我在 explain.depesz.com 上发布了您的查询计划,请查看。
查询规划器的估计在某些地方是非常错误的。
您最近运行过
ANALYZE
吗?阅读手册中有关规划器使用的统计数据和< a href="https://www.postgresql.org/docs/current/runtime-config-query.html#RUNTIME-CONFIG-QUERY-CONSTANTS" rel="nofollow noreferrer">规划器成本常量。请特别注意有关
random_page_cost
和default_statistics_target
的章节。您可以尝试:
或者对于具有 10M 行的表,甚至更高。这取决于数据分布和实际查询。实验。默认值为 100,最大值为 10000。
对于该大小的数据库,只需 1 或 5 MB
work_mem
通常是不够的。阅读@aleroot 链接到的有关调整 Postgres 的 Postgres Wiki 页面。根据
EXPLAIN
输出,您的查询需要 430104kB 磁盘内存,因此您必须将work_mem
设置为 500MB > 或更多以允许内存中排序。数据在内存中的表示比在磁盘上的表示需要更多的空间。您可能对 Tom Lane 最近发布的关于此事的内容感兴趣< /a>.就像您尝试的那样,稍微增加
work_mem
不会有太大帮助,甚至会减慢速度。在全局范围内将其设置为高甚至可能会造成伤害,尤其是在并发访问的情况下。多个会话可能会导致彼此缺乏资源。如果资源有限,为一个目的分配更多内存会占用另一个目的的内存。最佳设置取决于整体情况。为了避免副作用,仅在会话中将其本地设置得足够高,并暂时用于查询:
之后将其重置为默认值:
或使用
SET LOCAL
仅针对当前事务开始进行设置。I posted your query plan on explain.depesz.com, have a look.
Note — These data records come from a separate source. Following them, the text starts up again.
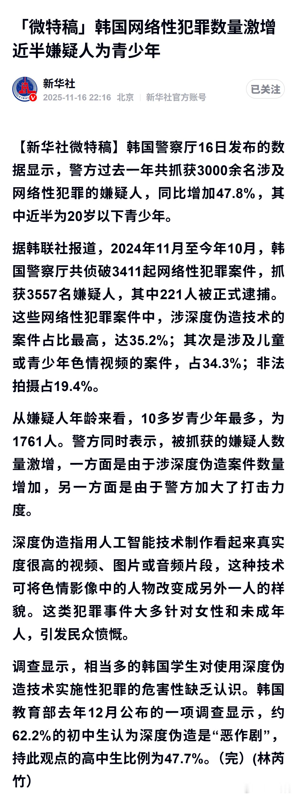 韩国网络性犯罪数量激增近半嫌疑人为青少年
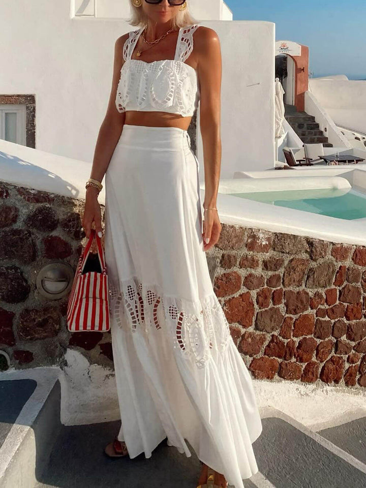 Elegant Lace-Panel High-Waist Maxi Skirt
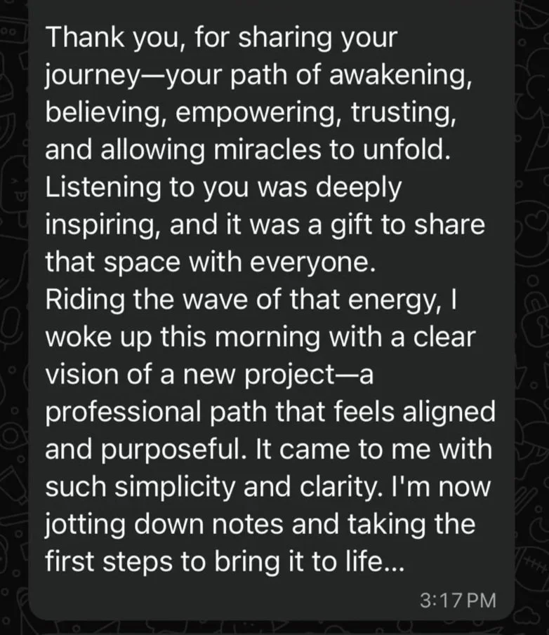 Because when you have a Family behind you, one that sees you, accepts you, and encourages you—your transformation accelerates tenfold. And this family isn’t defined by blood. It is the family you choose. Family means unconditional love, collaboration, celebrating each other, sharing our gifts, and daring to dream together.
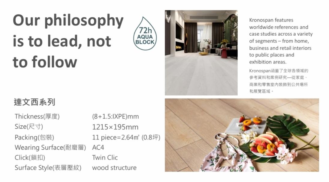 作為全球木製品領先者,長時效 防水、SGS認證長效抗菌功能、 甲醛含量符合歐盟E0等級、耐 磨程度達歐盟AC5、AC4等級, 讓顧客使用的安心、住的開心, 這才能讓我們放心
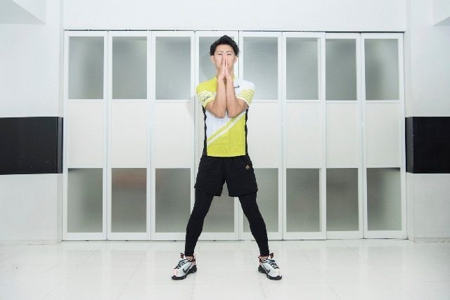 (1)直立した状態から脚を肩幅より少し開いて、胸の前で手のひらと両ひじを合わせる
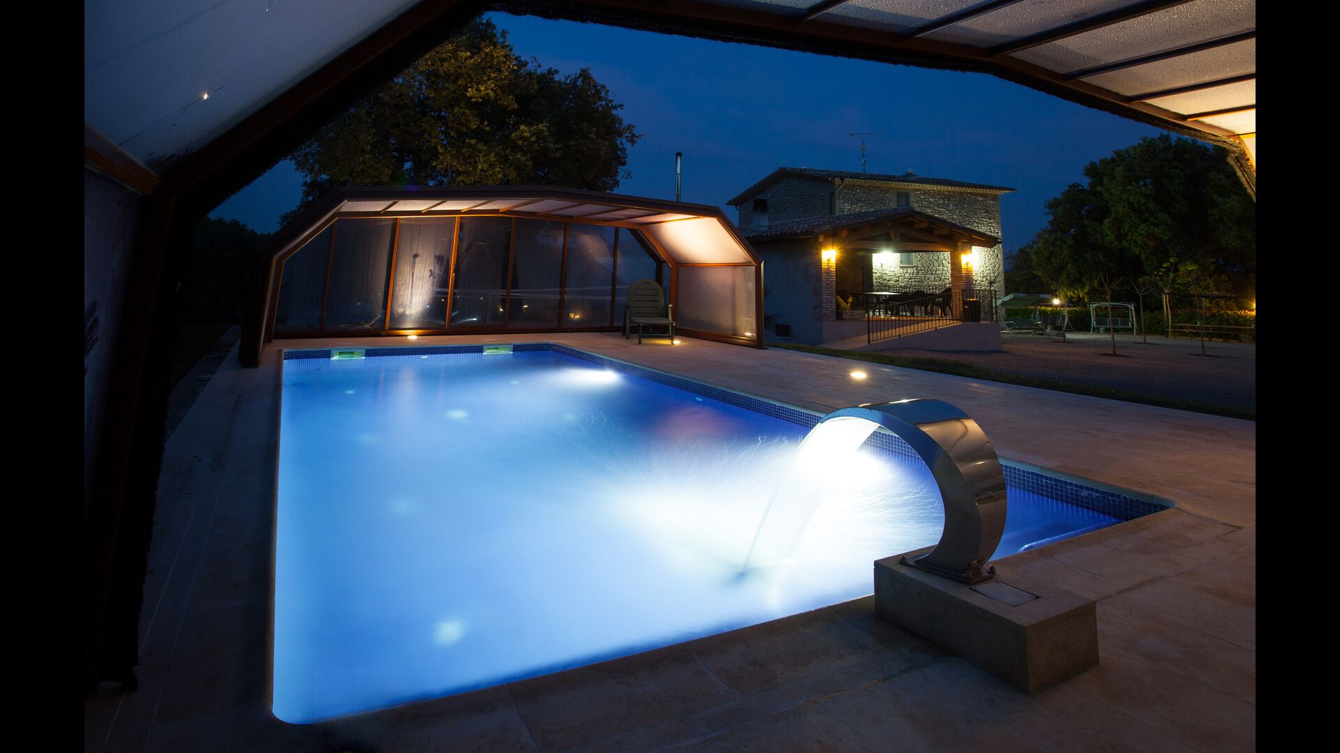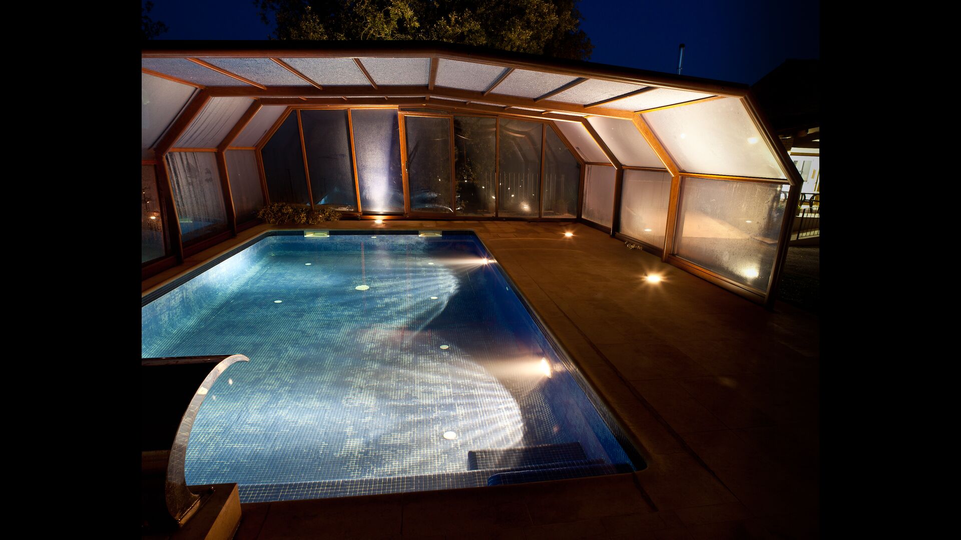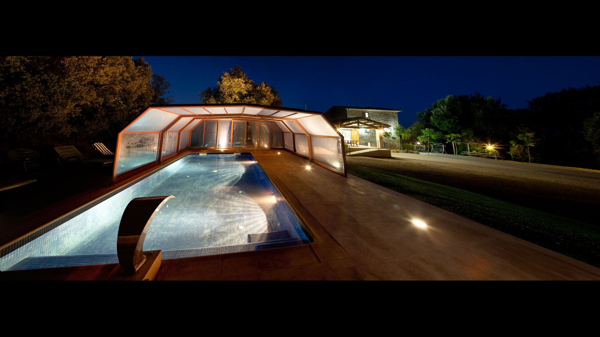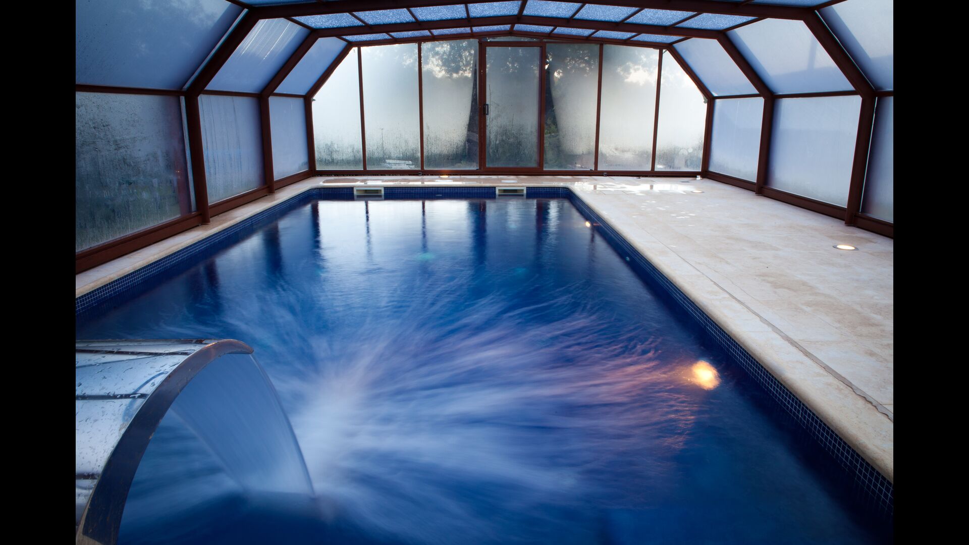 • Lovely heated pool area with Jacuzzi which can be all uncovered in the Summertime
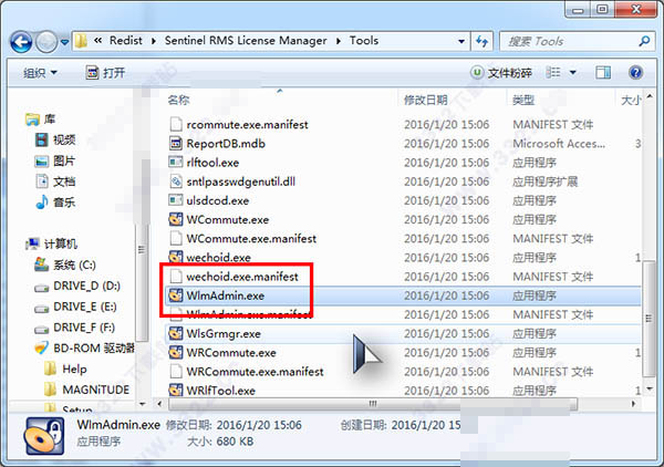 1.安装完成后先不要启动软件,打开虚拟光驱中的文件,进入\Setup\Redist\Sentinel RMS License Manager\Tools目录,运行“WlmAdmin.exe”。
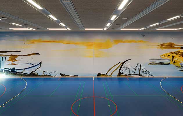 La palestra per le attività sportive con campi di badminton, pallacanestro e pallamano(foto, Torben Eskerod) |
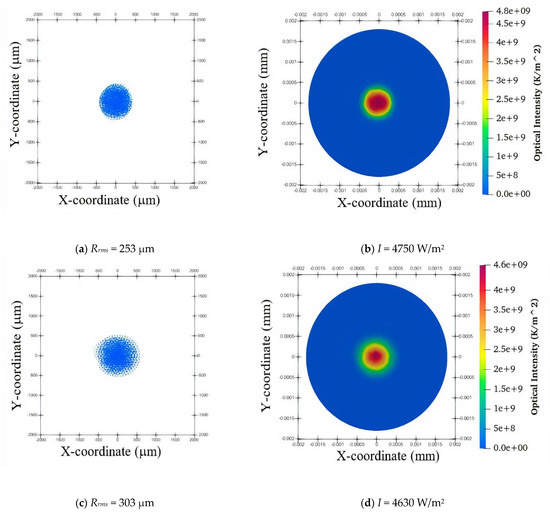 RMS spot radius (a,c) and optical intensity (b,d) by the STOP analysis (top) and ray tracing simulations (bottom).
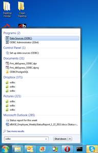 If you are in Windows XP, Vista, or Win 7, click the Start button and then Type in ODBC in the Search or Run edit boxes. This should lead to Data Sources (ODBC) being displayed in the search results, click on that item to continue.
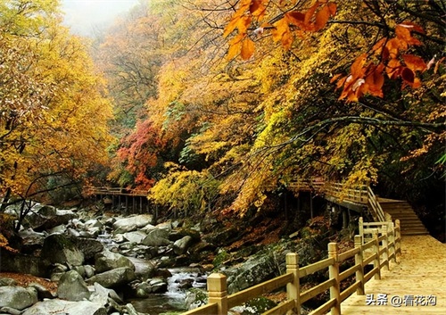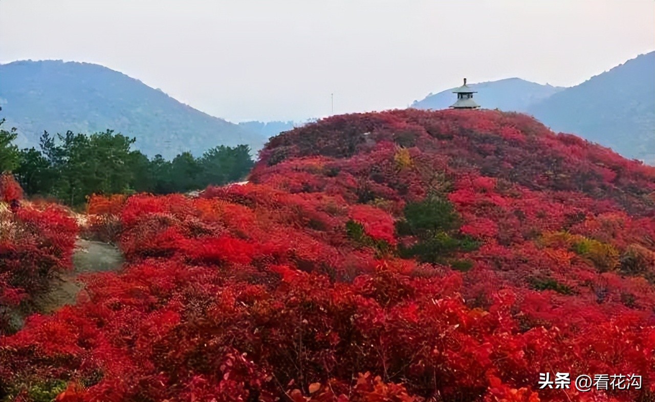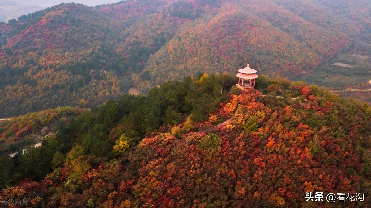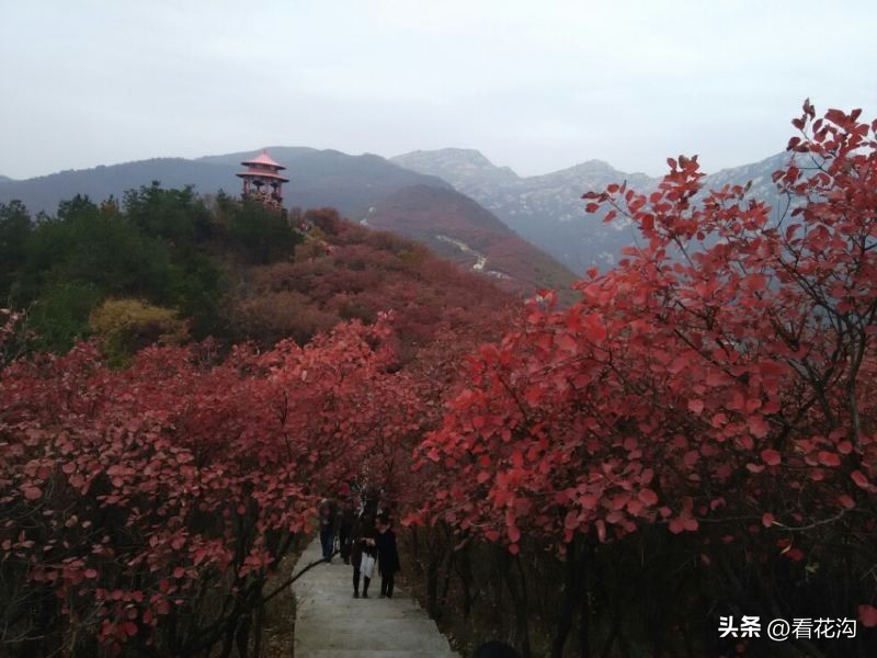 18.桐柏县的著名景点-黄岗红叶园。位于桐柏县东北部,北出黄岗镇街区12公里,从县城出发一小时即可到达。景区内怪石嶙峋,层峦叠嶂,沟壑万丈,野生动植物种类繁多。其中红叶资源占30余平方公里,分布在连绵数十里的山岭沟壑间,为桐柏一大特色旅游景观,有中原“红叶之都”的美誉。黄岗红叶,主要由黄栌树所生,间有野枫、柿树、木梓树等树种,分布在海拔500米以下的山体。春则翠如鹅黄,夏则墨绿浓郁,秋则层林尽染,红叶灿若朝霞,铺天盖地,间有青松点缀,整个山体锦绣璀璨,如同美女红裙束身,煞是惹人心醉。森林藤蔓里还有300多个奇异景点,如盘古奶卧像、情人石、狮子峰、仙浴池、古乐洞,每年10月底-11月底是观赏红叶的最佳时期。
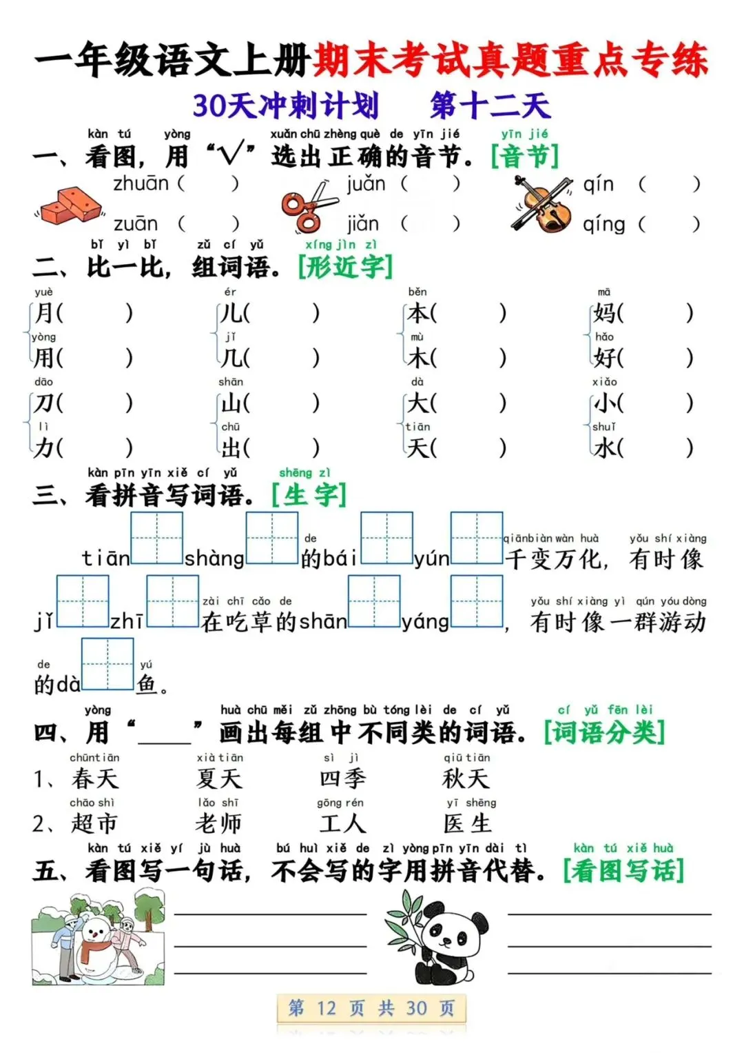 一年级上册语文【期末考试真题重点专练(30天冲刺计划)】,可打印电子版这份练习有汉语拼音,字词,看拼音写词语,课文内容,拼音,生字,看图写词语,古诗词背记默写,笔画笔顺等,帮忙重难点集中突破,帮助孩子夯实基础,提升能力,需要的赶紧打印出来给孩子练一练吧。领取完整电子版:

The query planner's estimates are terribly wrong in some places.
Have you run
ANALYZE
recently?Read the chapters in the manual on Statistics Used by the Planner and Planner Cost Constants. Pay special attention to the chapters on
random_page_cost
anddefault_statistics_target
.You might try:
Or go even a higher for a table with 10M rows. It depends on data distribution and actual queries. Experiment. Default is 100, maximum is 10000.
For a database of that size, only 1 or 5 MB of
work_mem
are generally not enough. Read the Postgres Wiki page on Tuning Postgres that @aleroot linked to.As your query needs 430104kB of memory on disk according to
EXPLAIN
output, you have to setwork_mem
to something like 500MB or more to allow in-memory sorting. In-memory representation of data needs some more space than on-disk representation. You may be interested in what Tom Lane posted on that matter recently.Increasing
work_mem
by just a little, like you tried, won't help much or can even slow down. Setting it to high globally can even hurt, especially with concurrent access. Multiple sessions might starve one another for resources. Allocating more for one purpose takes away memory from another if the resource is limited. The best setup depends on the complete situation.To avoid side effects, only set it high enough locally in your session, and temporarily for the query:
Reset it to your default afterwards:
Or use
SET LOCAL
to set it just for the current transaction to begin with.